Kichamani has his own reasons to think that the remedy for corruption is not anti corruption, but corruption itself. He believes in his experiences that he got since his childhood working with the bribery machinery in various offices. His immediate core group includes Ginnah, Bahuleyan, Udhayabhanu & Gopi. Devanarayanan, popularly called as Devanji, a shrewd politician, who treats politics as a part of his illegal business. Devanarayanan is hell bent on clearing of the machinery of Kichamani for a variety of reasons as Kichamani extends unlimited support to Bahuleyan, his opponent in the party and as Kichamani is the one solely responsible for sending Devan's brother to jail.

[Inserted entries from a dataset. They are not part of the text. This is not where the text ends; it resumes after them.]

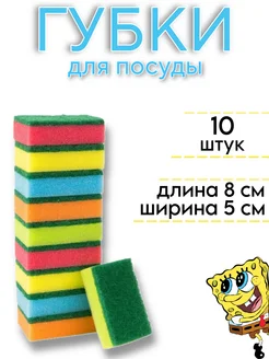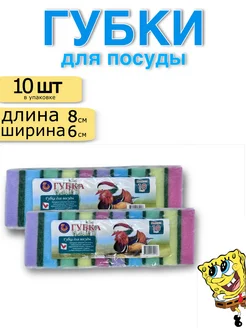 Губки бытовые для мытья посуды разноцветные набор 10 штук
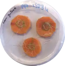 The hairy roots are grown in vitro in bioreactors to study their soil interaction with other pathogens like fungi and nematodes. This technique has also led to the commercial production of certain metabolic compounds that the plant is known to secrete, especially in regard to the medicinal plants that are difficult to cultivate in sufficient quantities by other means.[6] The root cultures are also used for genetic engineering.[7][8]
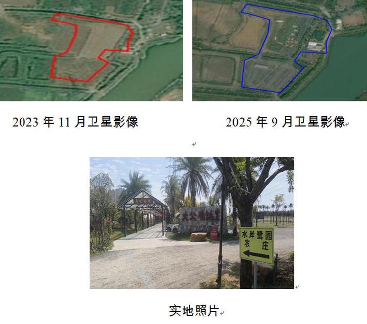5。广东省珠海新隆水产养殖科技无限公司违法占地36。98亩扶植越野车。珠海新隆水产养殖科技无限公司未经核准私行占用位于珠海市喷鼻洲区南屏镇广昌社区的国有农用地36。98亩(此中耕地13。91亩),扶植珠海水岸鹭园生态岛越野车项目,实地建成泊车场、越野车锻炼场地、户外拓展场地、饭馆等非农设备。
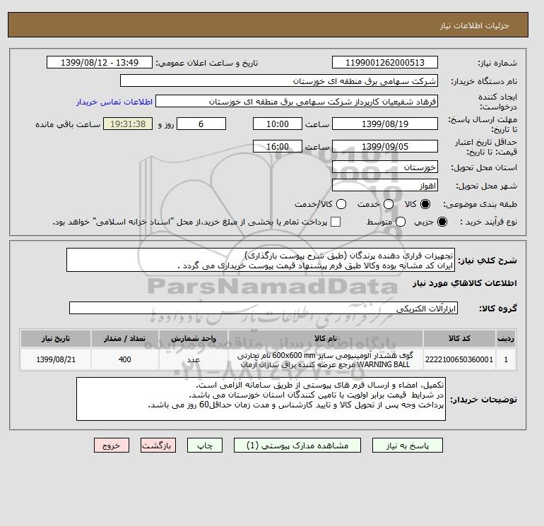 نام دستگاه خریدار:شرکت سهامی برق منطقه ای خوزستان

Into this turmoil arrives Shivani Menon, an award-winning documentary maker from Delhi, with her crew composing of manager Chempakaraman and cameraman Sajan. As they are soon embroiled in probing on the illegal land acquisition by paradise group headed by Devanji, and plan to make a documentary on that, they fall into danger. Kichamani saves them and give them a shelter in his house. The essential love angle in the film is created by Sajan and Kichamani's sister Kalyani. The film progresses in the unending fights between Kichamani and Devanarayanan who strives for more power. The villain gathers every point to fight with Kichamani, which proves to be singular plot of the film.